While in Synology’s provided source, I found a number of other annoyances… like #ifdef MY_ABC_HERE. It’s actually used in quite a lot of places. I’ve found some other instances of people running into these, such as MY_ABC_HERE and MY_DEF_HERE on the XPEnology forums. Maybe just a lazy way to comment out or disable things?

While I was researching all of this, my resync completed. It was time to corrupt some data!

Let’s corrupt some stuff!

With my new array ready, I copied over my predictable files and got to work. For each test, I safely powered off the DiskStation to remove a disk unless otherwise stated.

For the purpose of corrupting things, I removed the 64GB SSD from the server and plugged it into my desktop. I booted up wxHexEditor to do my dirty work (sudo apt install wxhexeditor, it’s pretty fun!).

Using wxHexEditor’s search feature, I tried to find a stripe of contiguous bits containing FF. Wherever that pattern was found was where the file named “FF” was located. The search failed.

I was a bit surprised, but took the opportunity to create an image of the disk. That way I had the original data which I could mess with all I wanted, and at a couple gigabytes per second rather than 300 megabytes per second.

Turns out I didn’t need to take the image or even do the search to begin with, it was easier to just scrub through the disk until I saw a screen full of F. That’s the content of the FF file!

View file to pay respects?

To flip a bit, I changed an 0xFF to an 0xFE. Since we’re talking in hexidecimal, that changes a 11111111 to 11111110. Corrupted!

Then I put the disk back into the server and powered it up. Once the server was ready, I started copying the “FF” file from it to my desktop. I expected a report that disk corruption had occurred, but the copied file should have matched the original checksum.

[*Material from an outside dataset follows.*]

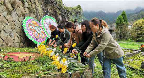 参加清明祭英烈活动人员来到休宁县鹤城乡六股尖烈士陵园,向革命先烈默哀鞠躬,敬献鲜花,深刻缅怀革命英烈的丰功伟绩,寄托对烈士的哀思。在无名烈士碑前,党员重温入党誓词,汲取奋进力量。参加活动人员还清理陵园杂草,擦拭烈士墓碑,保持烈士陵园的干净整洁。活动的开展,旨在充分挖掘和弘扬清明传统节日蕴含的文化内涵和爱国情感,传承红色基因,致敬英烈人物,进一步明理、增信、崇德、力行,感党恩、听党话、跟党走。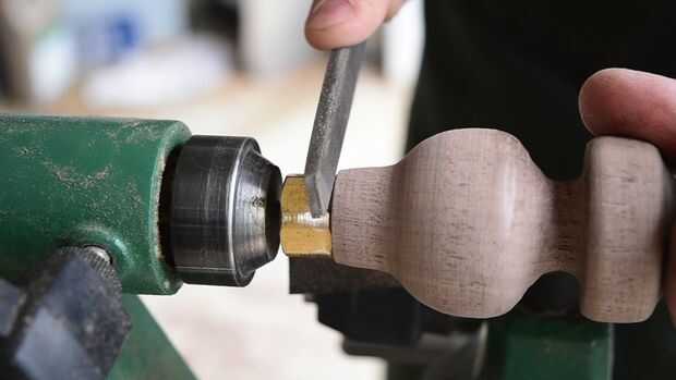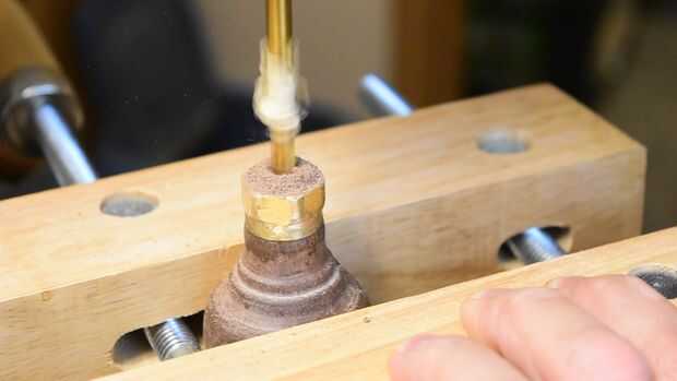 La palanca vuelva a colocar el torno y refinar la forma de la tuerca de latón con un archivo. Una vez en la forma de la tuerca, copia de seguridad de la rosca un par de vueltas y usar epoxy bajo el hilo para asegurar la tuerca a la manija durante mucho tiempo. Retire el exceso de epoxy. (Ver video para más detalles)

During the operation, I noticed that it stopped for a moment. Maybe a retried read, maybe it corrected the file? Either way, the checksum of the server’s file and the original matched.

$ sha256sum FF
71cc8c3a8d6f83a8290ed7608f24c768b4361a24cb73b18a554ebba4c7c99c1e  FF
$ sha256sum ../FF
71cc8c3a8d6f83a8290ed7608f24c768b4361a24cb73b18a554ebba4c7c99c1e  ../FF

Cool! I just corrupted a file, yet it was corrected without any intervention!

When I looked in the server’s kernel log (dmesg), I saw that the checksum error was detected, then corrected automatically:

[   78.120453] BTRFS warning (device dm-1): csum failed ino 274 off 55463936 csum 2809655204 expected csum 633470483
[   78.136461] BTRFS warning (device dm-1): csum failed ino 274 off 55463936 csum 2809655204 expected csum 633470483
[   78.185519] BTRFS: read error corrected: ino 274 off 55463936 (dev /dev/vg1/volume_1 sector 9358528)

When I plugged the disk I corrupted back into my desktop and look at the bit I corrupted, it was put back to the way it started.

Somehow the server corrected the file, even though it was using btrfs on top of LVM. I suppose that’s a Synology exclusive.

Now what if I did something more crazy, like zero a block of this file?

Corrupting 32K

I selected 32000 bytes and changed them all to 0x00, or 00000000.

Again, the read errors were detected and corrected. Like nothing even happened.

To no one’s surprise, btrfs can detect and correct single or multi-bit errors on a single disk. Color me impressed. Let’s go a little further.

Corrupting most of a file

Next I wiped most of a file from one disk. I used the “F0” file for this one, since I noticed it came first on the disk. Easier to find.

To do this, I used hexdump on the disk image along with grep to find all of the contiguous instances of f0f0:

$ hexdump fun.img |grep 'f0f0 f0f0 f0f0 f0f0 f0f0 f0f0 f0f0 f0f0'
11950000 f0f0 f0f0 f0f0 f0f0 f0f0 f0f0 f0f0 f0f0
11980000 f0f0 f0f0 f0f0 f0f0 f0f0 f0f0 f0f0 f0f0
119b0000 f0f0 f0f0 f0f0 f0f0 f0f0 f0f0 f0f0 f0f0
119e0000 f0f0 f0f0 f0f0 f0f0 f0f0 f0f0 f0f0 f0f0
[...]

This continued for a while.

I took the entire region the file was found in (it was interspersed with 0’s and other files, that’s why hexdump’s output was multiple lines) and zeroed it. Back in the server, and now you know the drill.

$ sha256sum F0 ../F0
73cf58254515ac10682ca5b4efdeb7fdf3849fcea2fd4130cf90e81b66071707  F0
73cf58254515ac10682ca5b4efdeb7fdf3849fcea2fd4130cf90e81b66071707  ../F0

Honestly this was getting a little boring.

Corrupting the file on two disks

Now I tried to corrupt one file on two disks. And, instead of zeroing it, I flipped some bits instead, changing F0 to F1 (...1111 0000 1111 0000... to ...1111 0001 1111 0001...). Since nothing else broke the server up to this point, I had to do something to cause errors.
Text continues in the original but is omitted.